Gibt es auch Bilder von vergangenen "Events"?

Erzähl doch mal bischen mehr darüber!

Irgendwie gibt der Link nicht viel her ... finde ich 

Mandy


----------



## Patrick K (15. März 2013)

*AW: Garten & Teich 2013*

Hallo Mandy

die Webseite gab schon letztes Jahr nicht viel her ,ist wohl eher ein "Geheimtip" ,aber ein GUTER und SCHÖNER, ich werde dieses Jahr auch wieder hingehen diesmal aber etwas früher.

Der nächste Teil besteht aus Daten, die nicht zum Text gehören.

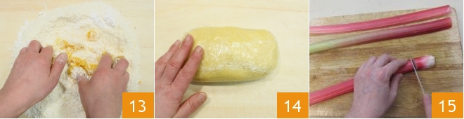 Trabalhe a massa primeiro com um garfo, depois com as mãos 13; amasse brevemente, apenas o suficiente para compactar a massa para que a massa não aqueça demais com o calor das mãos e permaneça quebradiça. Forme um disco e achate antes de envolvê-lo em filme plástico 14; coloque na geladeira para firmar por pelo menos 30 minutos. Enquanto isso, dedique-se à limpeza do ruibarbo lavando-o, secando-o e removendo as extremidades 15.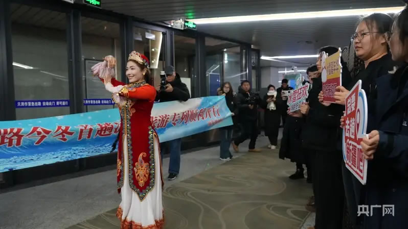 央廣網(wǎng)烏魯木齊12月13日消息(記者丁安)12月12日23時(shí)20分,隨著Y925次旅客列車從新疆烏魯木齊站鳴笛啟程,拉開了今冬新疆鐵路冰雪旅游的序幕。近百名來自浙江、江蘇、天津等地的游客乘坐專列,從烏魯木齊出發(fā)直達(dá)“中國雪都——阿勒泰”,開啟為期4天的冰雪之旅。

Hier der Link vom letzten Jahr

https://www.hobby-gartenteich.de/xf/threads/36307

@ Bilderzähler wollen wir dort nicht mal ein kleines USER treffen abziehen???

würde mich freuen Patrick


----------



## bilderzaehler (15. März 2013)

*AW: Garten & Teich 2013*

Hi,

stimmt, die Site gibt nicht viel her, aber ich hab die Info vom Betreiber, dass der Webauftritt derzeit neu programmiert wird. Der Betreiber hat mir die Info in mein Gästebuch geschrieben, weil ich eine positive Anmerkung zum letztjährigen Event geschrieben hatte.

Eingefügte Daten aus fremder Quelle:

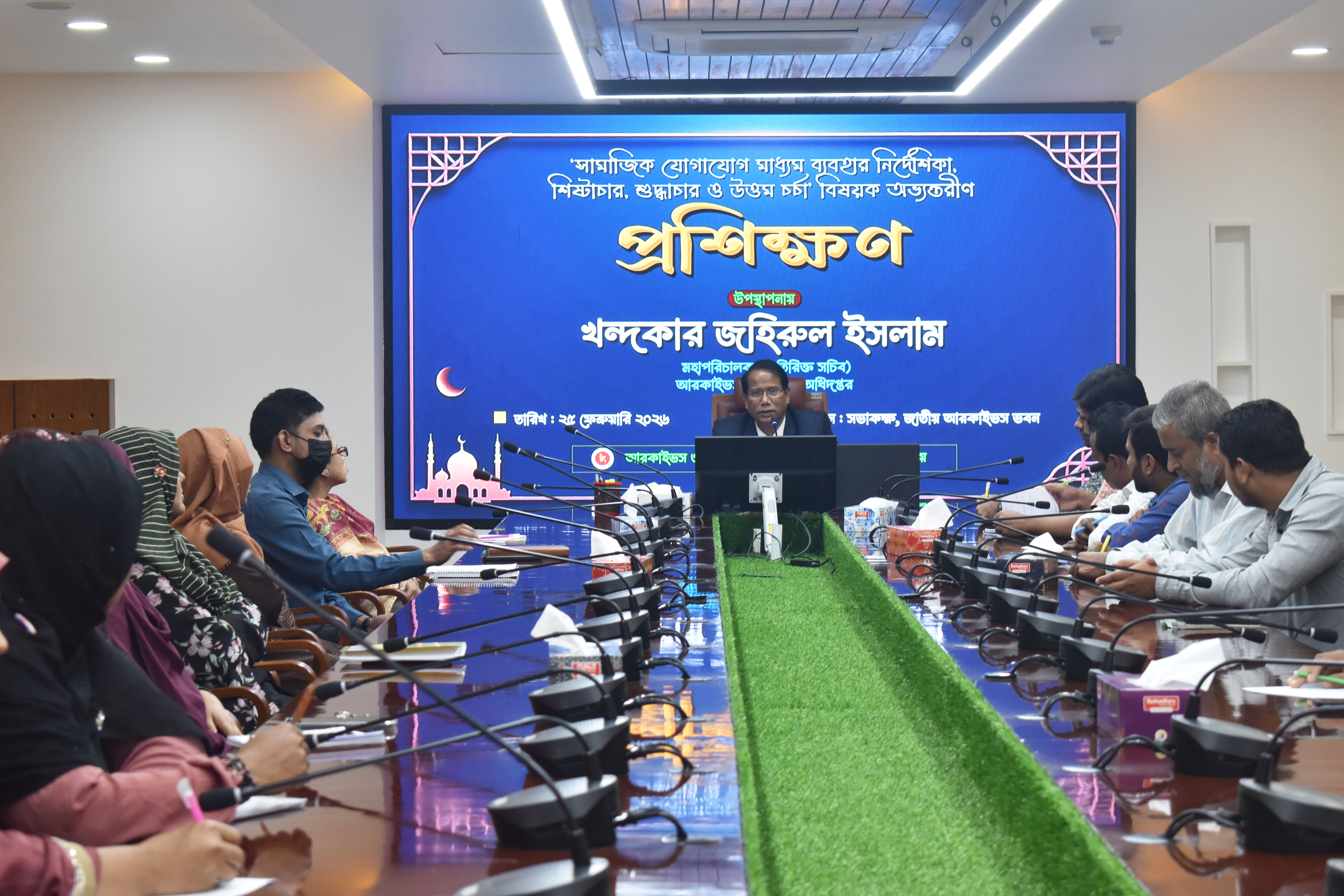 ২৪-২৬ ফেব্রুয়ারি ২০২৬ তারিখ ০৩ (তিন) দিনব্যাপী প্রশিক্ষণের ২য় দিন ১৪ষ্ঠ-১৬তম গ্রেডের কর্মচারীদের (আউটসোর্সিংসহ) “আইসিটি ও সাইবার সিকিউরিটি, সামাজিক যোগাযোগ মাধ্যম ব্যবহার নির্দেশিকা, শিষ্টাচার, শুদ্ধাচার ও উত্তম চর্চা” বিষয়ক প্রশিক্ষণ।

@ Patrick . . . sehr gerne. Fachsimpeln kann man mit mir nicht, aber es gibt ja noch ein Leben außerhalb der Teichwelt ;-)

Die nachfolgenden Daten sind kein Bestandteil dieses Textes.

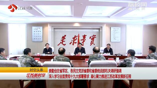 今天,省委书记娄勤俭到省军区、各民主党派省委和省委统战部机关走访调研,强调要站在党和国家事业发展大局的战略高度,深入学习、全面贯彻十九大提出的新部署新要求,在习近平新时代中国特色社会主义思想指引下,进一步凝聚各方面的智慧和力量,齐心协力、砥砺奋进,共同推进江苏改革发展新征程。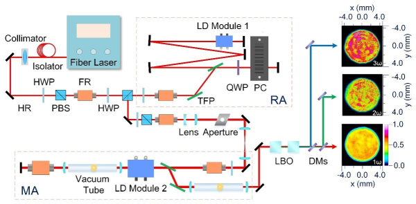 該研究中,紫外激光器由前端可編程種子源、光隔離系統(tǒng)、再生放大器(RA)、光束整形器、主放大系統(tǒng)(MA)、諧波轉(zhuǎn)換單元等部分組成。研究人員通過(guò)精確調(diào)控Nd:YAG激光器放大后基頻激光脈沖的時(shí)間波形和空間分布,以提高其時(shí)空填充系數(shù)。120mJ、100Hz的1064nm激光脈沖通過(guò)兩塊LBO晶體進(jìn)行三倍頻后獲得了脈沖能量為91mJ、脈寬470ps的355nm激光脈沖,三倍頻轉(zhuǎn)換效率高達(dá)76%,脈沖能量穩(wěn)定性在3小時(shí)優(yōu)于1.07%(RMS),實(shí)現(xiàn)了重頻皮秒固態(tài)激光器中最高三倍頻轉(zhuǎn)換效率。

Habt ein schönes Wochenende . . . liebe Grüße . . . Thomas


----------



## Kama (1. Juli 2013)

*AW: Garten & Teich 2013*

Hallo, ich darf nochmal dran erinnern .

Unsere Presse tritt es auch schön platt:

    

Wisst ihr schon, wann ihr da sein werdet?


----------



## blackbird (1. Juli 2013)

*AW: Garten & Teich 2013*

Hi zusammen, 

schade, das passt bei mir terminlich nicht, sonst wär ich auch gekommen.
Wünsche Euch viel Spaß dort, ist bestimmt sehr interessant. 

Viele Grüße,
Tim


----------



## bilderzaehler (1. Juli 2013)

*AW: Garten & Teich 2013*

Da ich am Donnerstag ne heftige Zahn-OP habe, kann ich noch nicht sagen, ob ich in der Lage bin die Ausstellung zu besuchen


----------



## Kama (1. Juli 2013)

*AW: Garten & Teich 2013*



bilderzaehler schrieb:


> Da ich am Donnerstag ne heftige Zahn-OP habe, kann ich noch nicht sagen, ob ich in der Lage bin die Ausstellung zu besuchen



Gibt's denn eine bessere Ablenkung vom eigenen Elend?


----------